§ Aim of the task
State the number of lines in the entries below where the string "Somalia" occurs, and omit everything else.

§ Data shown

----

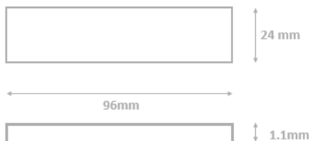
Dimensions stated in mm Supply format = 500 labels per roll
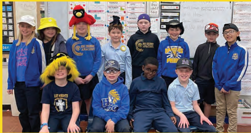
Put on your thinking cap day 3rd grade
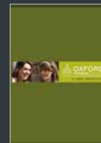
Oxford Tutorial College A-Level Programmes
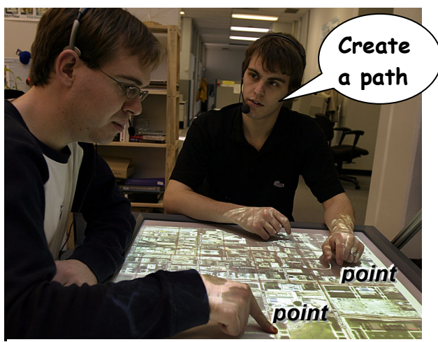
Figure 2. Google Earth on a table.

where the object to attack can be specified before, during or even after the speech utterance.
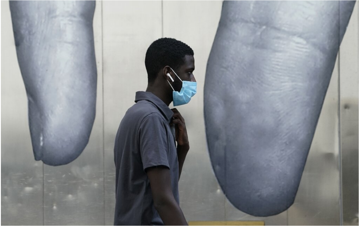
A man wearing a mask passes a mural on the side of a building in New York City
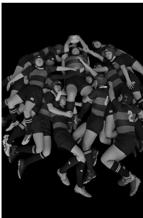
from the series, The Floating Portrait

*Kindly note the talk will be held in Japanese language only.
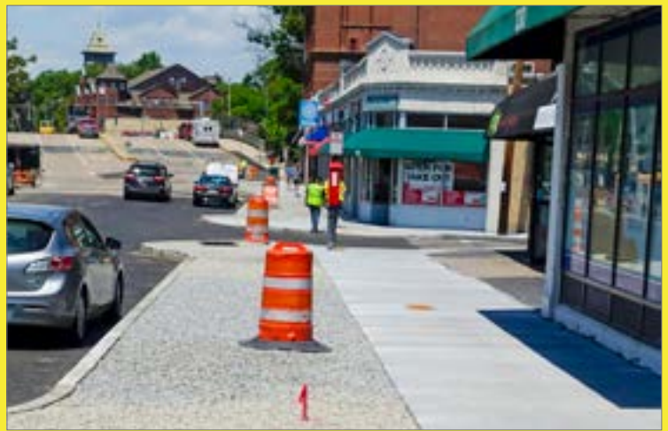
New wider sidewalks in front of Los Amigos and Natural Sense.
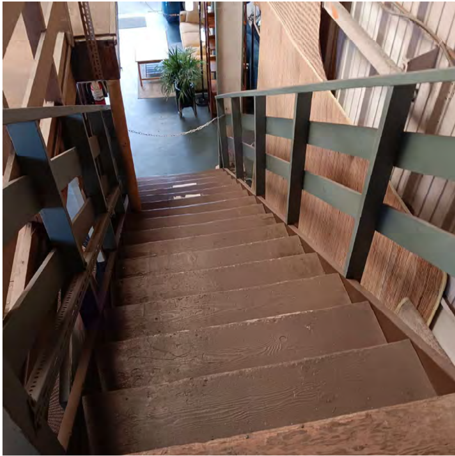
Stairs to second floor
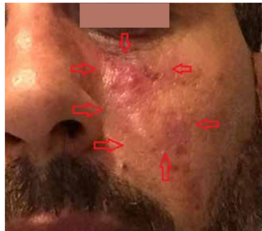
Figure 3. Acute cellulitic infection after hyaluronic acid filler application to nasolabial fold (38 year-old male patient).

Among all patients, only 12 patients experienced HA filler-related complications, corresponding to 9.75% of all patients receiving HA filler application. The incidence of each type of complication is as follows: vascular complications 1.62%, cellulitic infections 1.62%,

----

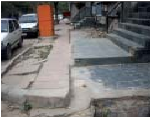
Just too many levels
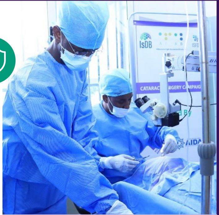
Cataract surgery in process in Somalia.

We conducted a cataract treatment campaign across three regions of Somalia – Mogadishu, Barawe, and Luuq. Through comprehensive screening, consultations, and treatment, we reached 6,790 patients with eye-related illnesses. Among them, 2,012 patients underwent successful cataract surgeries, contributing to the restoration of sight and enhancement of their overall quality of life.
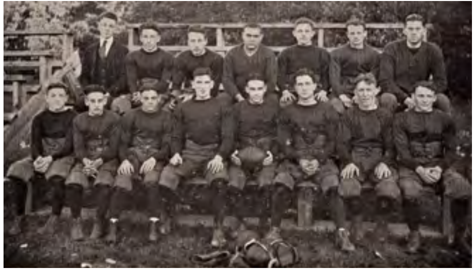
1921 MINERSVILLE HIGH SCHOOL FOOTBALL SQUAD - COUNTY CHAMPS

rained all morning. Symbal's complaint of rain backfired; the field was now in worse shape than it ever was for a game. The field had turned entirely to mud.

----

§ Exercise output
2